Open Source AI Canvas: My Vibecoding Journey
Author: Xiao Huaihua · Live Site: xhh-drawing-board.vibevibe.cn
How It Started
The spark came from a Datawhale article about AI image generation. It showed how AI could create images from text prompts — and I immediately thought: what if there was a dedicated canvas where you could combine drawing with AI generation in real time?
I explored several existing workflow tools — ComfyUI, various Gradio-based apps, even some commercial platforms — but none of them felt like a true "canvas" experience. They were either too complex for casual users or too rigid for creative exploration. I wanted something that felt like opening a sketchpad, except AI was your co-artist.
So I decided to build one myself, with Gemini as the AI backbone.
The First Attempt: One-Shot Chaos
My initial approach was ambitious: describe the entire application to Gemini in one massive prompt and let it generate everything at once.
The result? Chaos.
The generated code was a tangled mess — drawing logic mixed with API calls, UI state scattered everywhere, event handlers conflicting with each other. When something broke, fixing one thing would break two others.
I was on a deadline for a community showcase, and found myself debugging at 4 AM, desperately trying to untangle spaghetti code that neither I nor the AI could fully reason about anymore.
Lesson learned: one-shot complex implementation is a trap. The AI can generate a lot of code, but without structure, you get a lot of bad code.

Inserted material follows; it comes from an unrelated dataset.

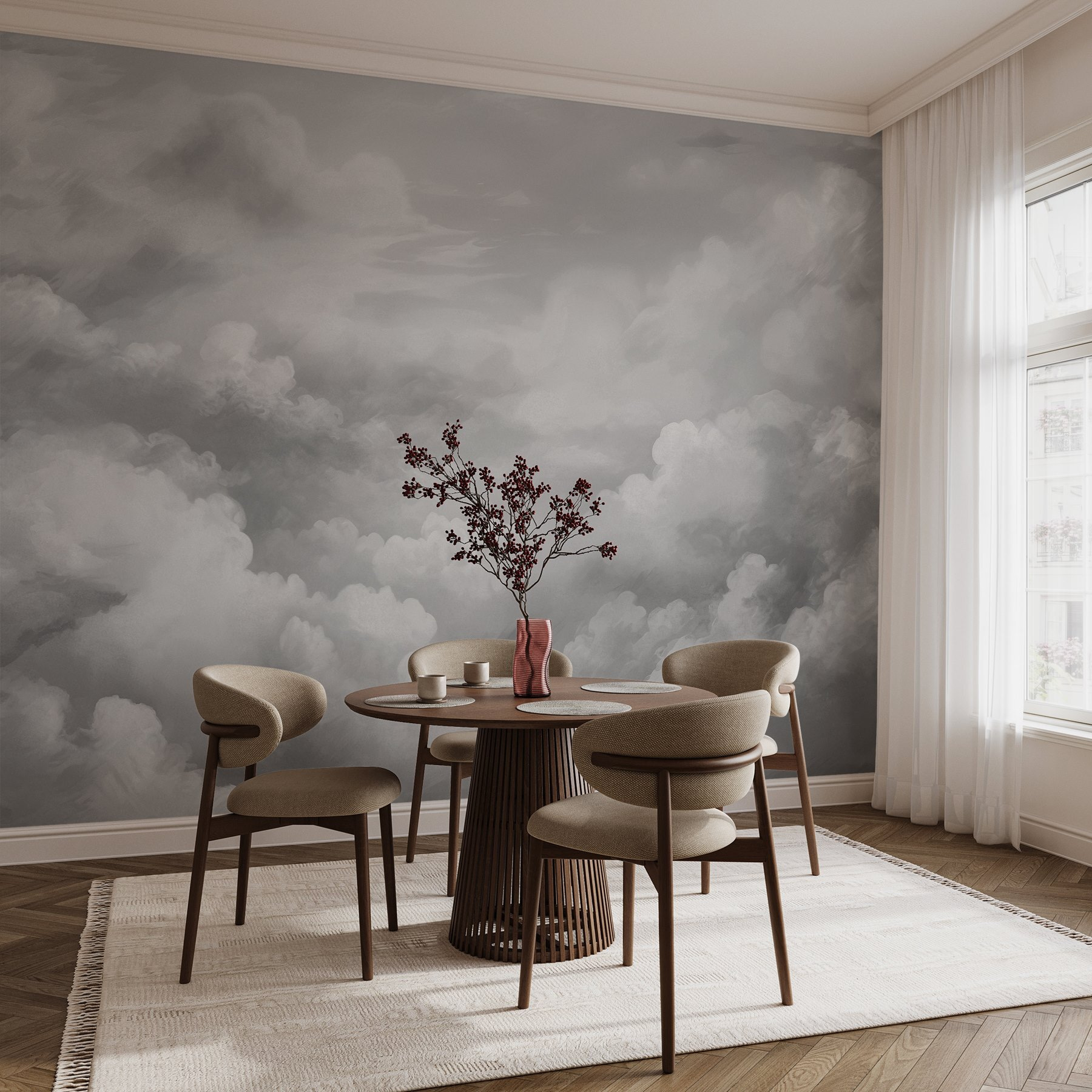 Die subtilen Farbtöne und verträumten Designs verleihen dem Wandbild eine schicke, zeitgemäße Ausstrahlung und machen es zu einem fantastischen Blickfang. Ihre Freunde werden bestimmt sagen: „Wow, wo hast du das her?” Das ist doch mal ein toller Gesprächsaufhänger! Außerdem passt es perfekt zum Thema Naturliebhaber, ohne dabei aufdringlich zu wirken. Werten Sie Ihre Einrichtung auf, atmen Sie tief durch und lassen Sie diese Wolken ein wenig Ruhe in Ihren Alltag bringen.

The Pivot: Docs First, Small Iterations
After that painful night, I completely changed my strategy:
1. Generate Detailed Dev Docs First
Before writing a single line of code, I had Gemini help me create comprehensive development documentation:
- Feature specifications for each module
- Data flow diagrams
- API interface definitions
- Component responsibility boundaries
2. Break Into Versioned Components
Instead of one monolithic app, I split the project into clearly versioned components:
- v0.1: Basic canvas with freehand drawing
- v0.2: Shape tools (rectangles, circles, lines)
- v0.3: AI image generation integration
- v0.4: Layer management
- v0.5: Export and sharing
3. Single Focus Per Iteration
Each version addressed exactly one concern. No "while we're at it" scope creep. If I was working on shape tools, I wasn't touching the AI integration — even if I had ideas for it.
4. Version Control on Docs
This was the unexpected game-changer. I version-controlled the development docs alongside the code. When the AI needed context for a new feature, I could feed it the relevant doc version and get coherent output that fit the existing architecture.
Wrestling with Gemini's API
One of the trickiest parts was the API integration. Gemini's multimodal API has a non-standard format compared to what most tutorials cover:
- Image inputs need specific encoding and MIME type handling
- The response format for image generation tasks differs from text completion
- Rate limiting and error handling required careful retry logic
- Token counting for mixed text-and-image prompts isn't straightforward
I spent considerable time reading API documentation and experimenting with different request formats. The AI helped me write the integration code, but I had to guide it with precise API specs — it couldn't guess the correct format from general knowledge alone.
Design Philosophy: Accessibility First
Two key design choices shaped the final product:
Pure Frontend HTML
I deliberately built the canvas as a pure frontend application — no backend server required. Just HTML, CSS, and JavaScript. This means:
- Anyone can open the link and start drawing immediately
- No account creation, no installation, no dependencies
- Works on any device with a modern browser
- Easy to fork and self-host
API-Friendly Architecture
The AI integration is cleanly abstracted behind an API layer. Users bring their own API key, which stays in their browser's local storage. The architecture makes it trivial to swap Gemini for another provider in the future.
What I'd Do Differently
If I started over today, I'd follow the docs-first approach from day one. The time "lost" writing specifications is repaid tenfold in coherent AI output and maintainable code.
I'd also set up automated tests earlier. The canvas has a lot of interactive state, and manual testing became a bottleneck as features accumulated.
Try It Out
The project is open source. Visit xhh-drawing-board.vibevibe.cn to try the live version, or check out the source code to see how it all fits together.
Building this taught me that Vibe Coding isn't about letting AI do everything — it's about creating the right structure so that AI can do its best work within clear boundaries.